It is worth noting that in the southwest Yukon species-specific technical teams write the species management plans and a renewable resource council is mandated as the key institution of public government involved in environmental management within a corresponding First Nation traditional territory. Our goals were set at the regional level by participants representing the technical teams and renewable resource councils governing the wood bison and elk ranges.
Another point to highlight is the importance of context. The narrative format of the scenarios helps create a hypothetical situation that may remove participants’ personal investment compared with day-to-day situations. One participant said, “being part of the story makes it less provocative,” while another added that “I don’t feel like I’m being personally attacked.” Discussing issues through story could ease the tension surrounding familiar issues. For example, when participants discussed a potential coal power plant there was less weight attached because it was a hypothetical (though plausible) project. There were few or no past conversations, impact assessments, or heated debates surrounding it. This may contribute to why all participants felt that scenario planning could be a helpful method for stakeholders with diverse perspectives and values to discuss complex and/or contentious issues, a finding shared by Caves et al. (2013).
Despite the need to link goals explicitly with specific scenario contexts, study participants observed that within those contexts, scenarios could be relevant for managing resources beyond wildlife. Participants found scenario planning helpful to set priorities for wildlife management, raise awareness of potential threats, identify future monitoring and resource needs, examine long-term repercussions of management actions, stimulate the sharing of perspectives, and build capacity. Participants also felt that scenario planning could be particularly useful in generating a wildlife management plan, a species recovery document, a land-use plan, or when conducting risk or resilience assessments. It was mentioned, in retrospect, that the Yukon Wood Bison Management Plan (2012) could have benefitted from a scenario planning process.
Participants also saw potential value in applying the scenarios when considering management for other species and/or resources within the same system. This is an important finding. Scenario narratives describe several versions of the future system with a focus on a particular element. However, groups interested in focusing the scenarios on a different element, say wolves or coniferous forests rather than new ungulates, could use the “bones” of the scenarios because they were built considering the system holistically. The causal relationships considered during the original scenario development process will still apply. They would simply need to be refocused to address how the resulting events could affect the newly emphasized element.
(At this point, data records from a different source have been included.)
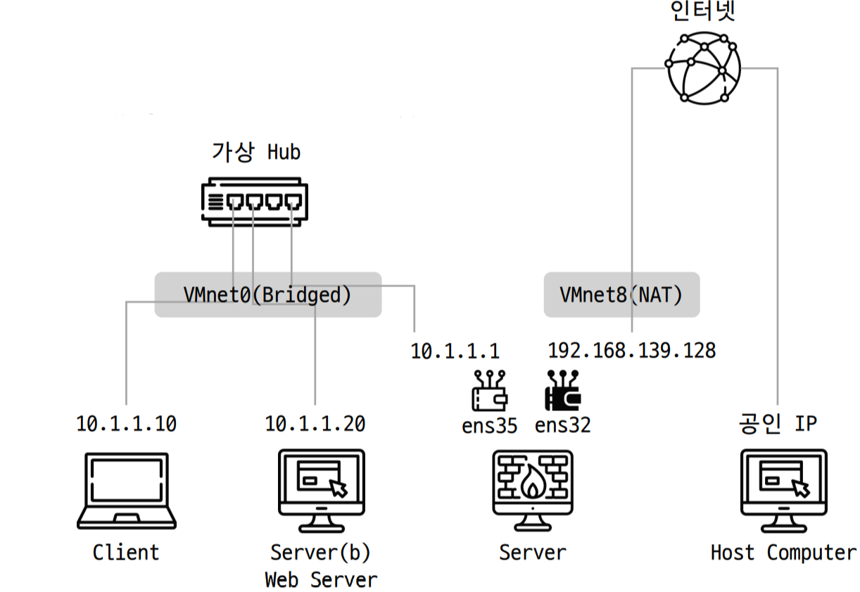 - 외부 컴퓨터가 방화벽 서버의 공인 IP로 웹 서비스를 요청할 때는 내부에 있는 웹 서버가 서비스한다.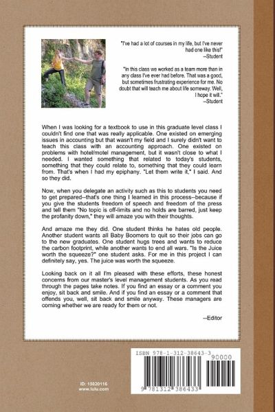 An anthology of graduate level thought containing fifty-two essays on four broad areas: Human Resource Management, Technology Growth, Globalization Issues, and Corporate Social Functions. These Masters of Science in Management students discuss their concerns which range from cultural diversity and managing multi-generation conflicts to oil supply and the execution of Ken Saro Wiwa; from the development of 3D printers and management of work-at-home employees to going green and containing cybercrime. These students have concerns that are all over the world, literally, and when dwelled upon and thought about represent concerns that we all should consider. An excellent supplement to any management class, an excellent read.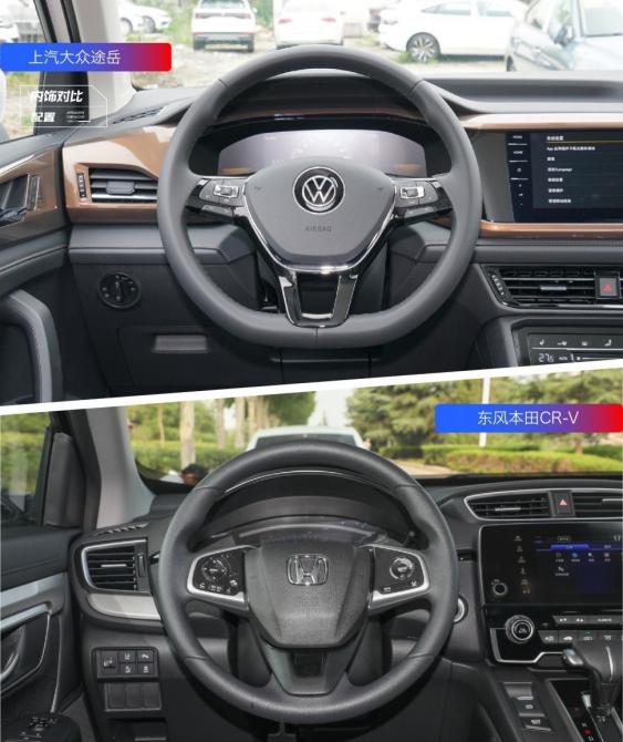 盡管兩款車都采用三輻式多功能方向盤,途岳選擇了平底樣式,比CR-V更顯運(yùn)動年輕。此外,途岳比CR-V更加在意對科技感和整體質(zhì)感的營造。例如途岳真皮方向盤帶來的高級手感,就是CR-V塑料材料無法比擬的,而且多功能按鍵的質(zhì)感也遠(yuǎn)不如途岳。相對來看,途岳的多功能按鍵更加扁平,布局雖然緊湊手指卻可以很順滑的切換。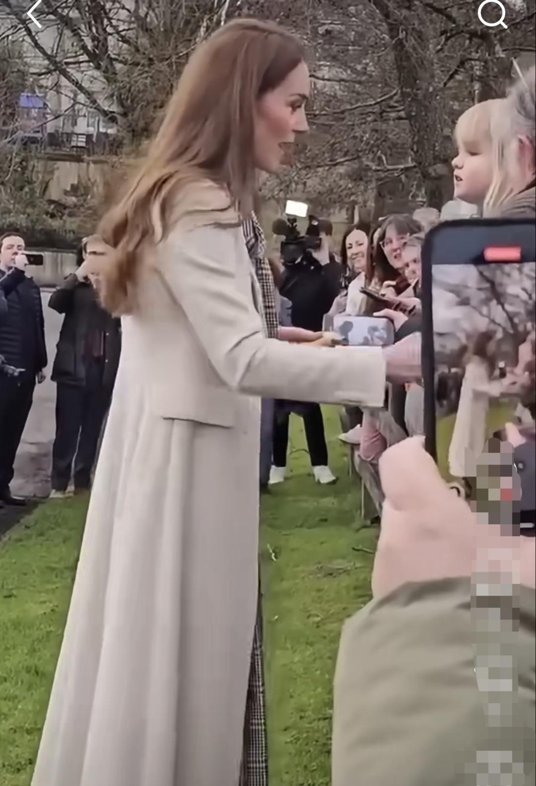 凯特王妃真是亲民典范啊:近日,出席公务的凯特王妃坐车遇到路人。她要求司机立马停车。穿着高跟鞋的她微笑着跑向路边人群,真的挺厉害啊,即使跑也依然保持着优雅姿势,美丽依然! 她亲切地和大家打招呼,握手聊天。其中和一位怀抱中小女孩聊得火热。小女孩也挺热情,递给凯特王妃一个香蕉。凯特王妃拿着香蕉直说谢谢。说完,又还给小女孩,转身离开,小女孩又把香蕉递回给凯特王妃。香蕉掉地上了,凯特王妃弯腰捡起来,再次还给小女孩儿。之后,又和其他人握手告别后转身离开。 好暖心的一幕!虽然地位高,却和普通人一样。热情礼貌地对待小女孩,对待大家。凯特王妃真是亲民典范啊!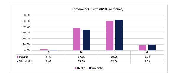 En cuanto al peso del huevo, el tratamiento con estimbiótico mostró valores superiores en las etapas tempranas, a partir de aproximadamente la semana 35, en comparación con el tratamiento control Además, los huevos se clasificaron por tamaño en categorías S, M, L y XL. Cada semana se midieron treinta huevos. El porcentaje correspondiente a cada tamaño fue similar entre tratamientos, aunque se observó una proporción ligeramente superior de huevos de tamaño L y XL en el tratamiento con estimbiótico.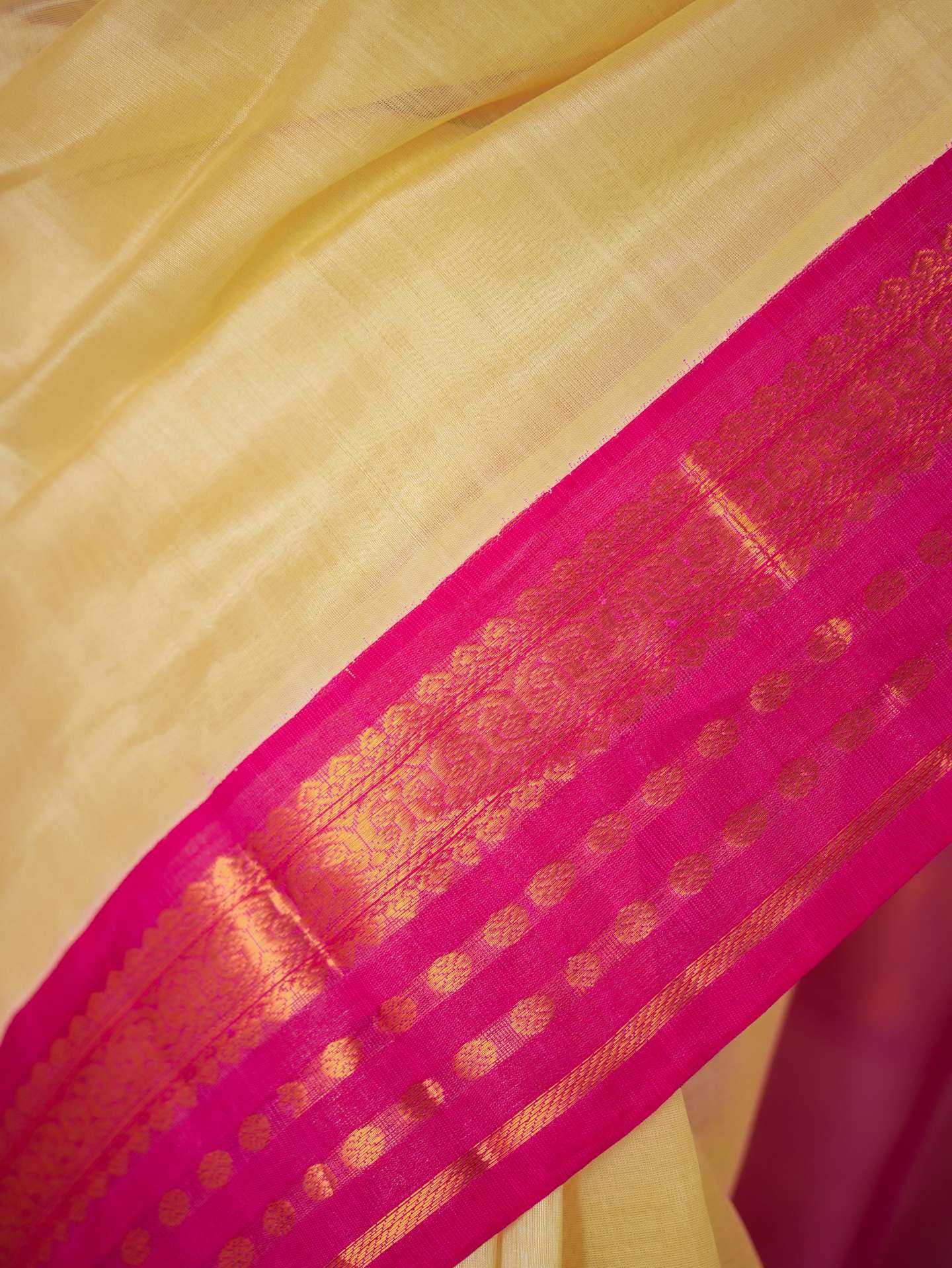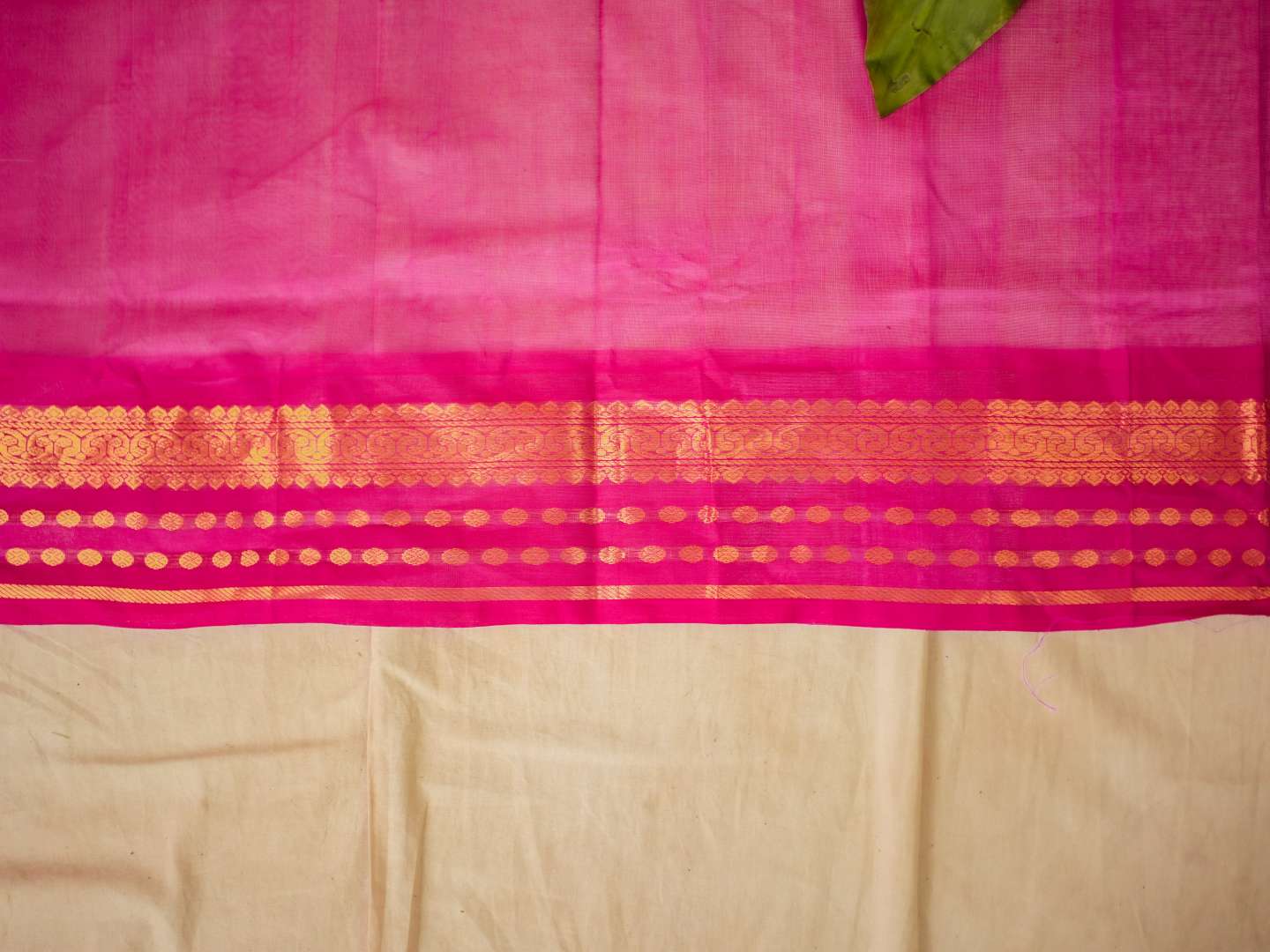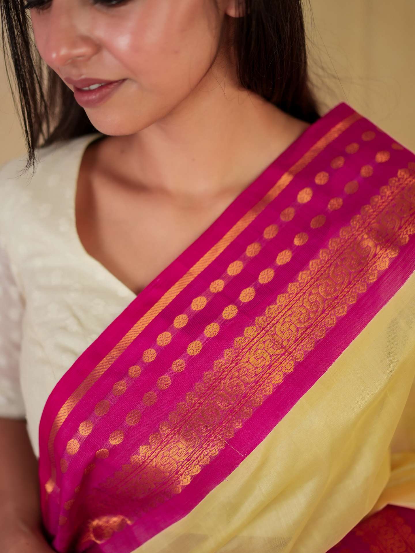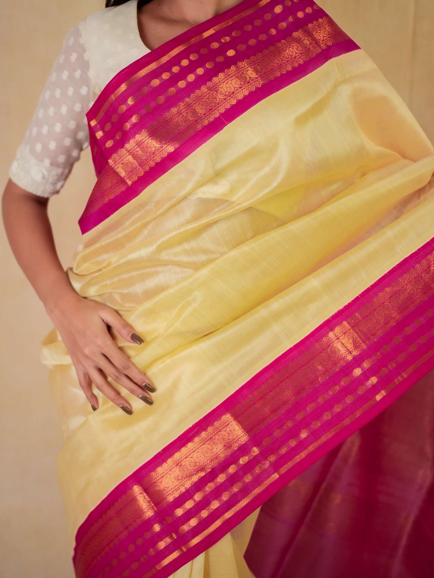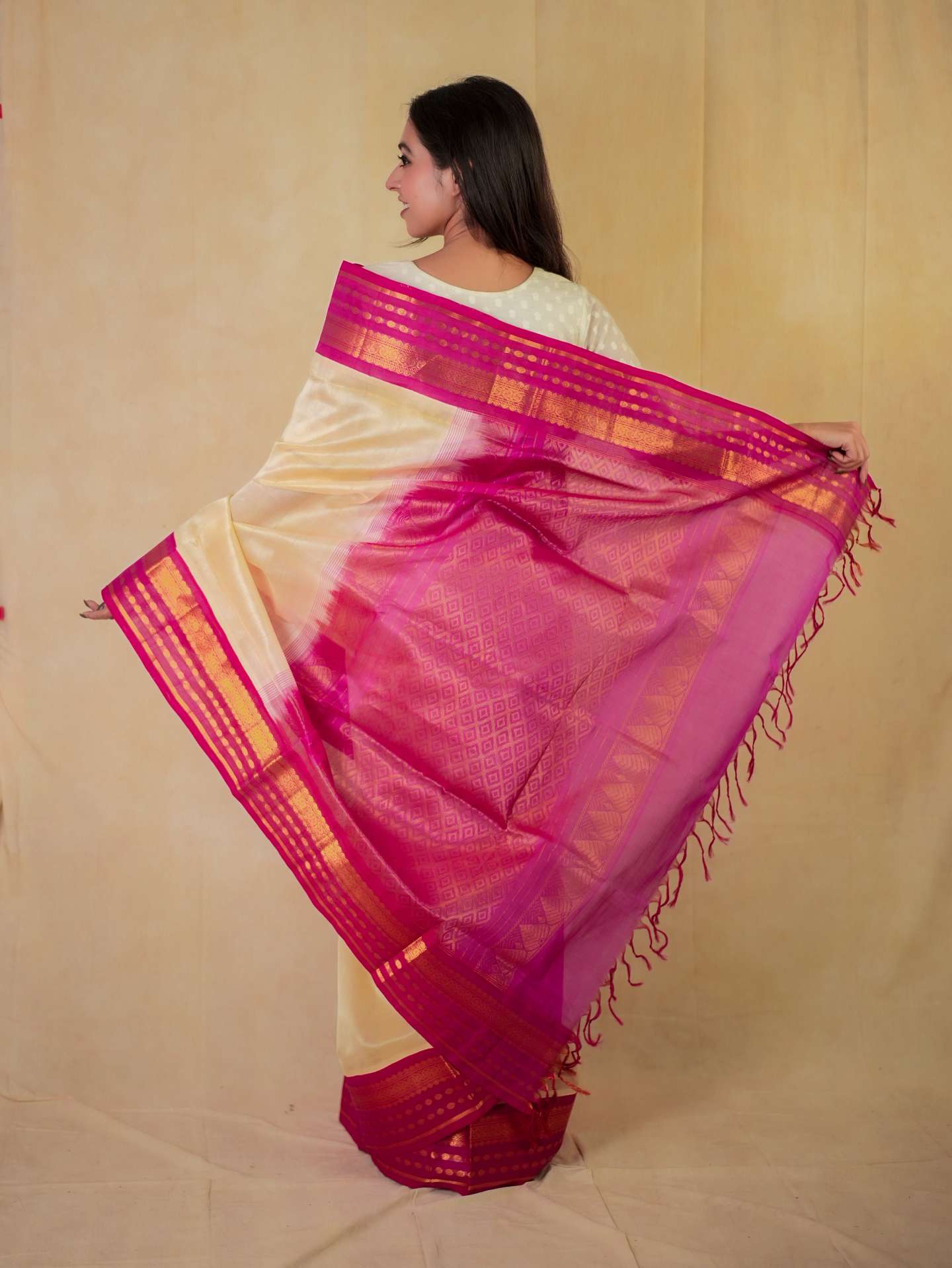 Introducing our elegant cream and rani pink Kanchipuram sico saree, featuring a graceful plain body that highlights its subtle charm. It is adorned with a rani pink border enriched with intricate golden zari work, while the pallu showcases traditional golden zari motifs, creating a beautiful contrast and timeless festive appeal.

Latency posed a problem. Significant time between workshops led participants to forget the meaning and context behind drivers of change. Participants also had difficulty remembering fine details of the scenarios by the time they were discussed. This could be avoided by keeping to the recommended timetable of 3-4 months (Ralston and Wilson 2006), with roughly 1 month between each workshop. This puts significant demands on the scenario narrative writer, but reinforces the scenario team members’ memory of workshop events and context.
As studies have noted elsewhere, it is important to ensure enough time is given for all scenario planning steps to unfold (Kok et al. 2007, Walz et al. 2007). In this process, participants felt that there needed to be more time to develop and discuss management goals. Furthermore, because the third workshop was only a single day there was no time left to develop indicators. As a result, this planning process was missing an aspect fundamental to operationalizing the resulting management goals.
Continuity of workshop participants was also a problem. Because this was a voluntary study, participants were not obligated to attend. Coordinating a time when all participants were available was challenging, and several participants did not attend all three workshops. Some apparently lost interest after the first workshop, whereas other new participants became interested as they heard about the project, so came to subsequent workshops. Participants who attended only the final workshop were missing context from the previous workshops and at times seemed to have trouble adjusting to the group’s thinking.
Ideally, participants will commit to all workshops if possible, ensuring continuity of the participants and the perspectives represented. More robust management goals may be possible from a scenario team that understands the context from the entire scenario development process. Workshops done within an institution with employees whose attendance was part of their regular work likely would not experience the same problem.
Throughout the scenario planning process, there were points where participants felt unsure of how the sum of the parts would add up to the whole, or what the whole even was. At those times clarification was required. This indicates the importance of explaining the full extent of the process to participants at the beginning, and being prepared to remind participants of it. It was evident that knowing how each step of the process worked toward the ultimate goal helped participants perform each step and stay engaged.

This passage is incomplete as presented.